OCC is such a specialized system, which is in place in some of the selected government medical college hospitals, to provide healthcare services and legal assistance to the oppressed women and children. The OCC system is now available at seven divisional cities as well as in Faridpur and Cox’s Bazar Medical College Hospitals under the Multisectoral Programme of the Ministry of Women and Children Affairs to prevent women repression.

These centers provide treatment facilities to the oppressed and tortured women and children as well as offer policing and legal assistance, forensic DNA test and mental counseling to rehabilitate them in the society. The women and children, who are physically tortured, violated or burnt get medical, legal and other assistances free of cost at the OCC since the centres have doctors, police personnel, nurses, social welfare department officials, counselors and lawyers.

Project Director of the Multi-sectoral Programme under the Ministry of Women and Children Affairs Dr Abul Hossain said the biggest facility of the OCC is that a victim can get all sorts of services from the OCC and he or she does not need to go to any other place for getting all necessary services.
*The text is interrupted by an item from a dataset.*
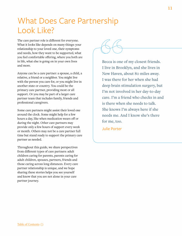 Throughout this guide, we share perspectives from different types of care partners: adult children caring for parents, parents caring for adult children, spouses, partners, friends and those caring across long distances. Every care partner relationship is unique, and we hope sharing these stories helps you see yourself and know that you are not alone in your care partner journey.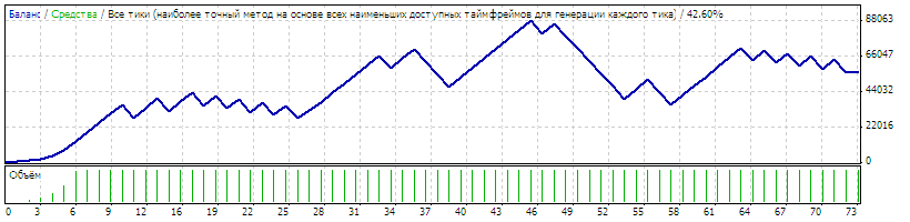 | Всего сделок | 73 | Короткие позиции (% выигравших) | 28 (60.71%) | Длинные позиции (% выигравших) | 45 (68.89%) |

Dr Abul Hossain said, “A victim can take services from the OCC depending on the nature of crime and types of services he or she needs. In places where there is no OCC, a victim needs to go here and there for taking all the necessary services. So, if the OCCs are installed in all the hospitals including in the private ones, then the victims will be able to get support with ease and comfort.”

Echoing with Dr Abul Hossain, Coordinator of the OCC at Dhaka Medical College Hospital Dr Bilkis Begum said with the limited space, it is not possible to accommodate all the victims here at the OCC at DMCH. “If the trial process is carried out in a much speedy manner, then the OCCs could have yielded much more results.”

According to the data published in the April, 2019 edition of newsletter of the Ministry of Women and Children Affairs, the number of victims at the Nine OCCs in the first three months of 2019 increased by 9.13 percent compared to the victims, who gathered at the OCCs in the last quarter of 2018.

During that period, the number of victims at the OCC in Dhaka increased by 19.23 percent, in Rajshahi it increased by 4 percent, in Chattogram it increased by 13 percent, in Sylhet the number increased by 9.55 percent, in Faridpur it increased by 33 percent, in Rangpur by 38.46 percent, in Cox’s Bazar it witnessed a rise of 4.25 percent while the number of victims saw arise of 4 percent and 8.9 percent respectively in Khulna and Barisal. It was also learnt fro m the newsletter that a total of 314 cases were filed in court under the Prevention of Women and Children Repression Act 2000 in the first three months of 2019 where verdicts were given in 33 cases.

The services at the OCCs remain open round-the-clock and the victims can also avail services from the OCCs directly by not getting admitted at the centres through telephone. Besides, move is on to set up OCCs at Gopalganj, Noakhali, Pabna, Kushtia, Jashore, Bogura, Mymensing and Cumilla Medical College Hospitals.